Brief:
Copy out, unchanged, the entries below from the "- Composition: Adjustable" line to the final line. Omit pictures.
*** Opening Supplied data ***
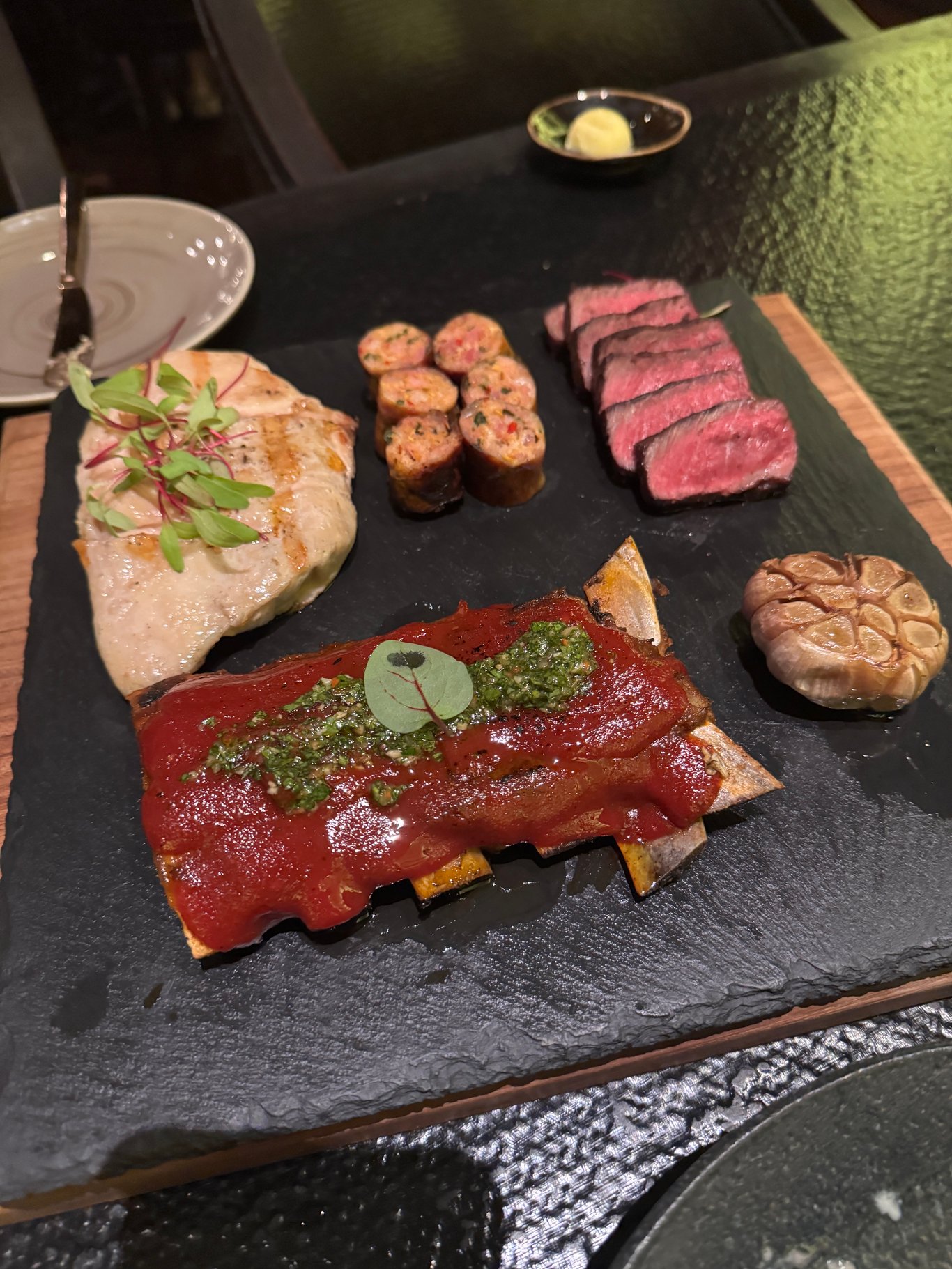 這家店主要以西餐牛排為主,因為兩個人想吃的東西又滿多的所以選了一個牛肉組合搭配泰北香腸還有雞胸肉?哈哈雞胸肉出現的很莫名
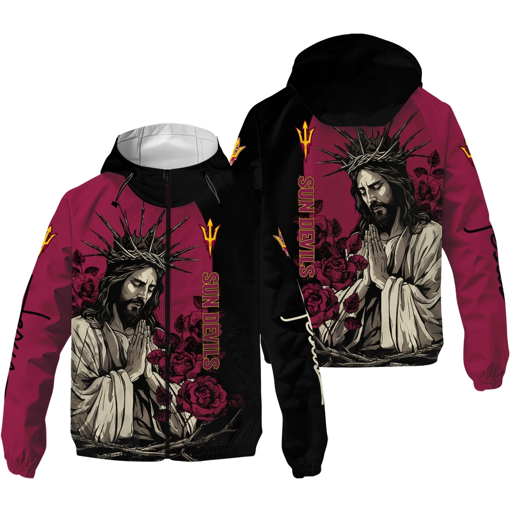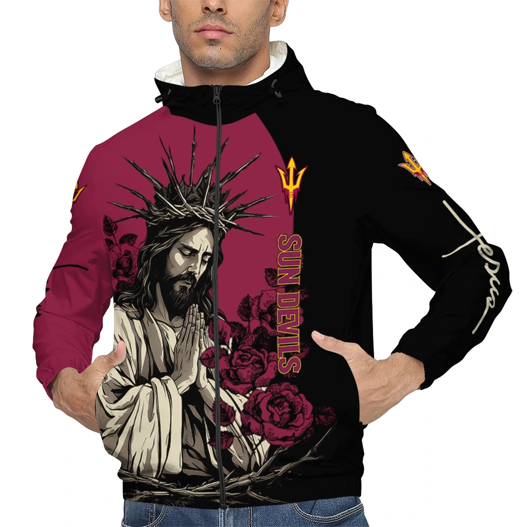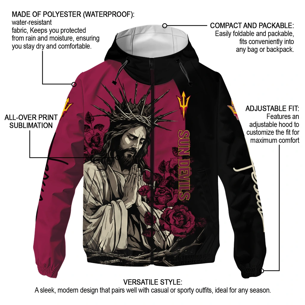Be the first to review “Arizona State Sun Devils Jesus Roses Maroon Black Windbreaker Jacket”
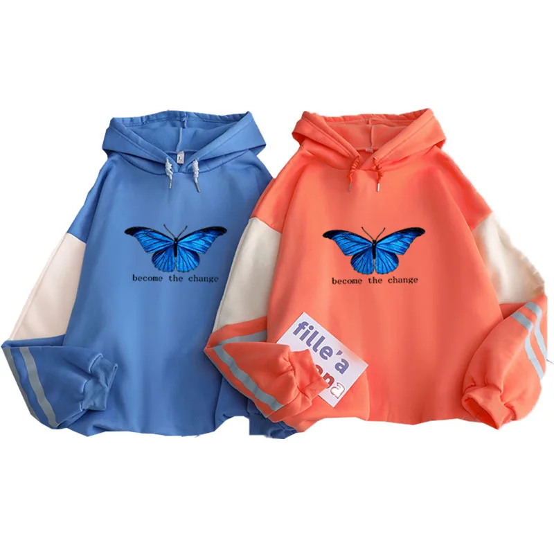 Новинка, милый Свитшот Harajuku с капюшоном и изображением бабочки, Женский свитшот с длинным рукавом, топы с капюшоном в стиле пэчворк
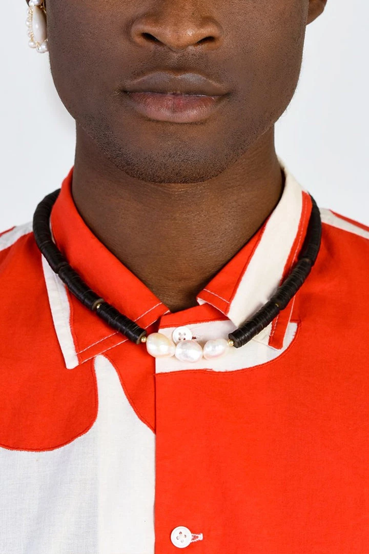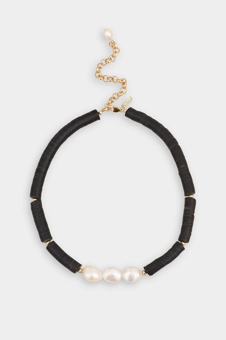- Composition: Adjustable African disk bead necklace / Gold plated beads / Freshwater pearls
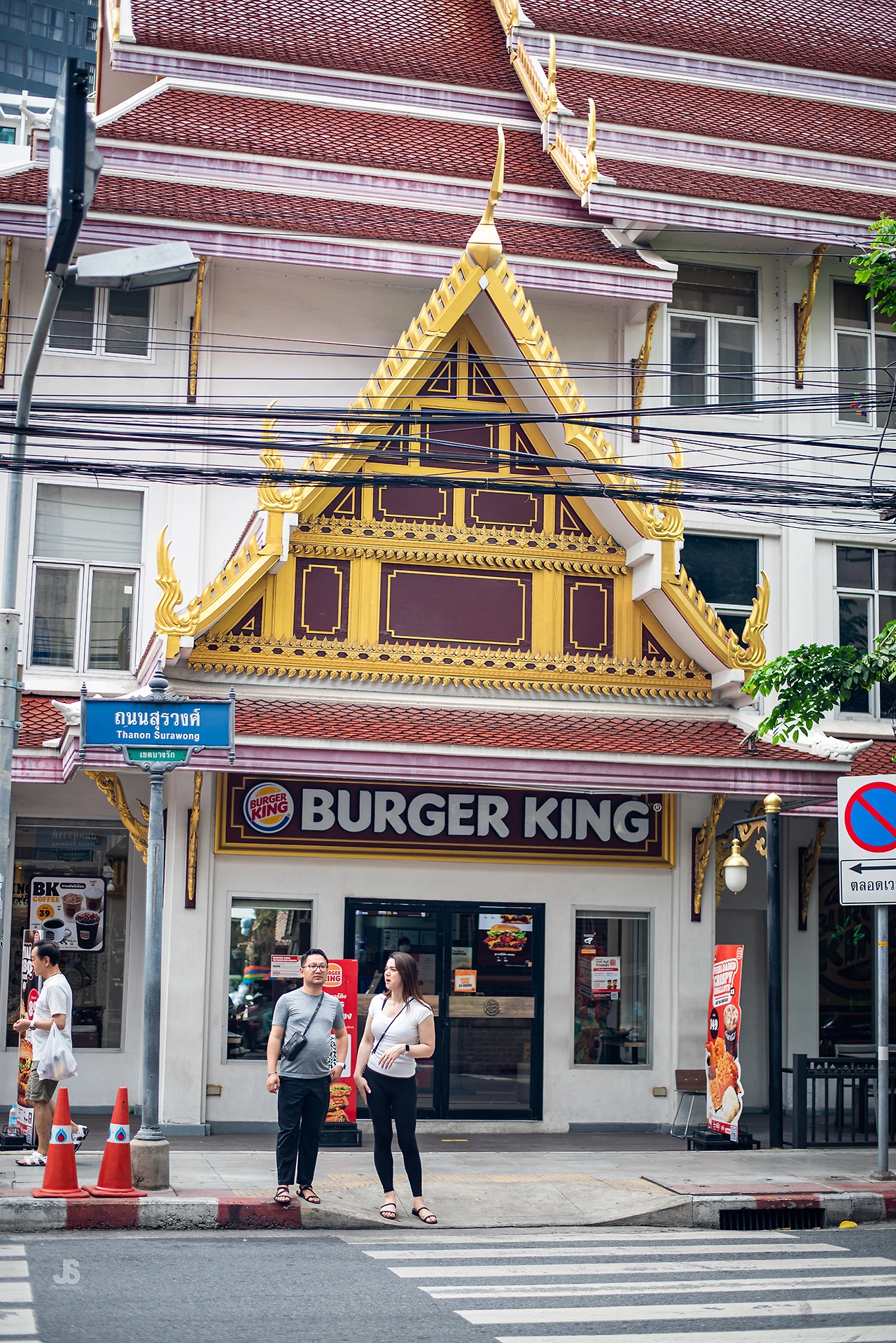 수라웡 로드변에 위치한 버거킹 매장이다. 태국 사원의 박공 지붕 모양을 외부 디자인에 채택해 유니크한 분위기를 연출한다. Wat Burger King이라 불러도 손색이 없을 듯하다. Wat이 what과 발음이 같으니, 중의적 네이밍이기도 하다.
*** Closing Supplied data ***
Output for this exercise:
- Composition: Adjustable African disk bead necklace / Gold plated beads / Freshwater pearls
 수라웡 로드변에 위치한 버거킹 매장이다. 태국 사원의 박공 지붕 모양을 외부 디자인에 채택해 유니크한 분위기를 연출한다. Wat Burger King이라 불러도 손색이 없을 듯하다. Wat이 what과 발음이 같으니, 중의적 네이밍이기도 하다.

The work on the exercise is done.